Project Veritas CEO Jumps Ship After Finding ‘Evidence of Past Illegality’

ANOTHER ONE BITES THE DUST

Hannah Giles, who was named chief executive after founder James O’Keefe’s ouster earlier this year, said she’d found “strong evidence of past illegality” at the nonprofit.

Hannah Giles
Win McNamee/Getty Images

Hannah Giles, the CEO of conservative nonprofit Project Veritas, announced her resignation “effective immediately” on Monday, saying she’d unwittingly “stepped into an unsalvageable mess” upon taking the job earlier this year. Giles was named the group’s chief executive four months after its messy breakup with founder James O’Keefe in February.
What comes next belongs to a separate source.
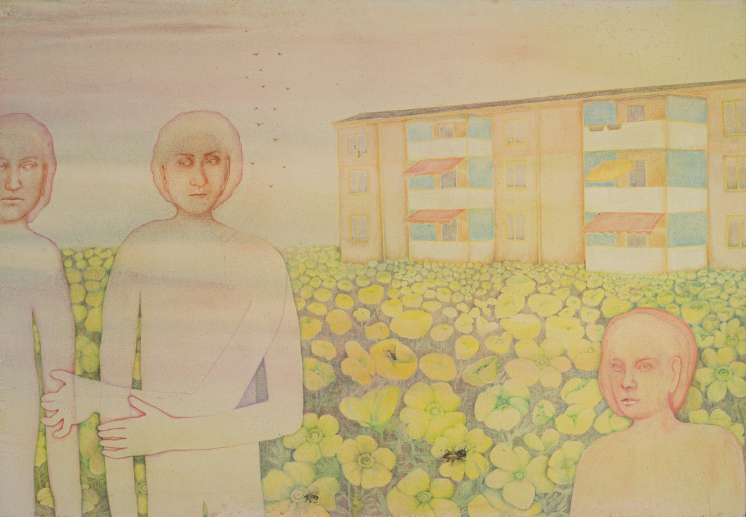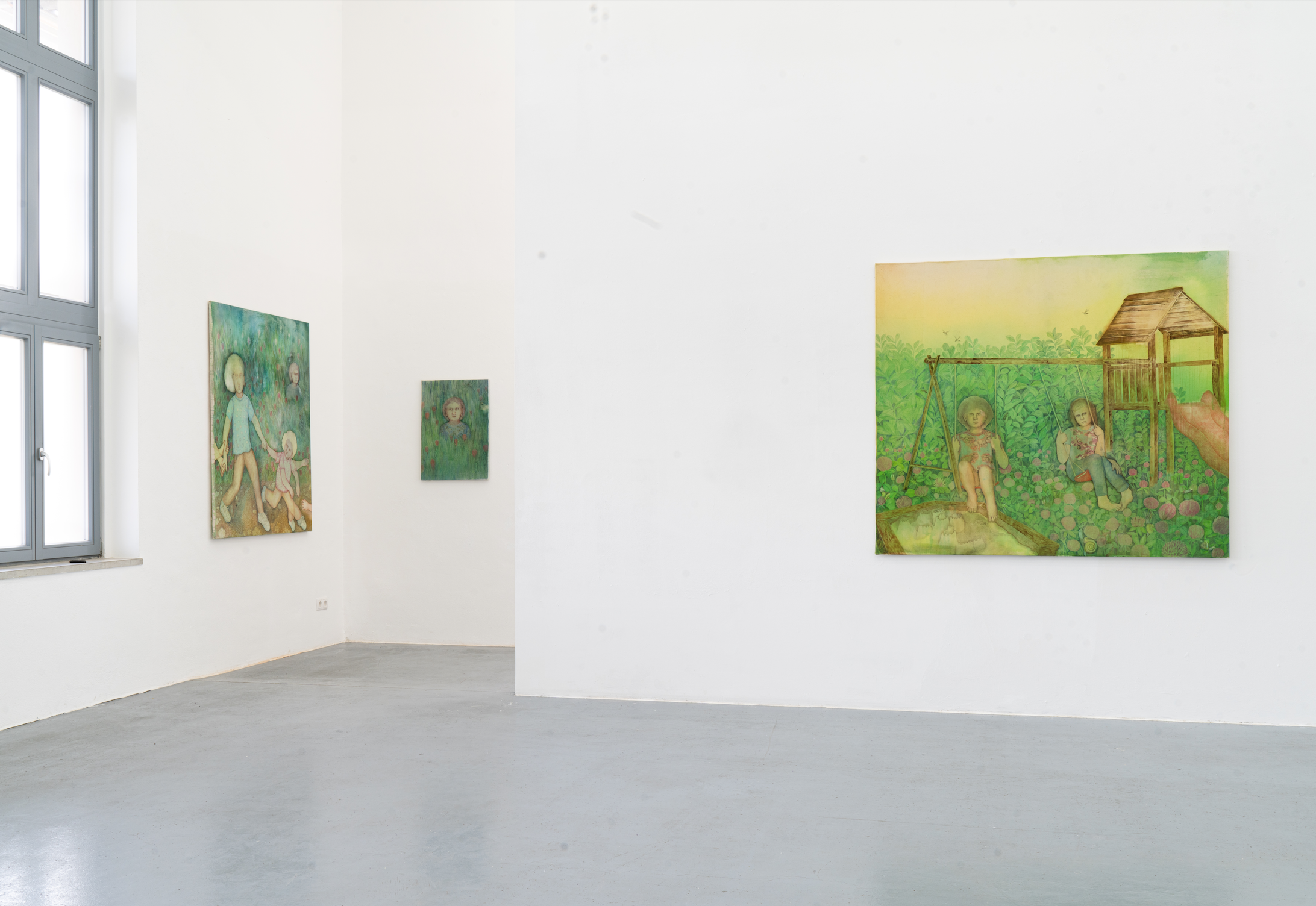 Sie umreißen menschlich anmutende Figuren, die in spielerische und zugleich befremdliche Landschaften/ Bezugsräume gesetzt werden. Blicke begegnen sich nicht, die Atmosphäre bleibt kühl. Hände suchen Nähe, scheitern und verlieren sich im Labyrinth nostalgischer Räume.

In a statement posted to X, she claimed she’d taken over an organization “wrought with strong evidence of past illegality and past financial improprieties.” Suggesting she’d had no prior knowledge of the infamously embattled nonprofit’s alleged improprieties, Giles continued on to say that once she’d “discovered” the evidence, “I brought the information to the appropriate law enforcement agencies.” Project Veritas and O’Keefe are best known for using hidden cameras to embarrass journalists and political opponents. In 2009, O’Keefe and Giles, then a journalism student, teamed up to surreptitiously record members of the national community organizing group ACORN, resulting in its eventual shutdown. This September, Mediaite reported that Project Veritas had suspended all operations and fired most of its staffers.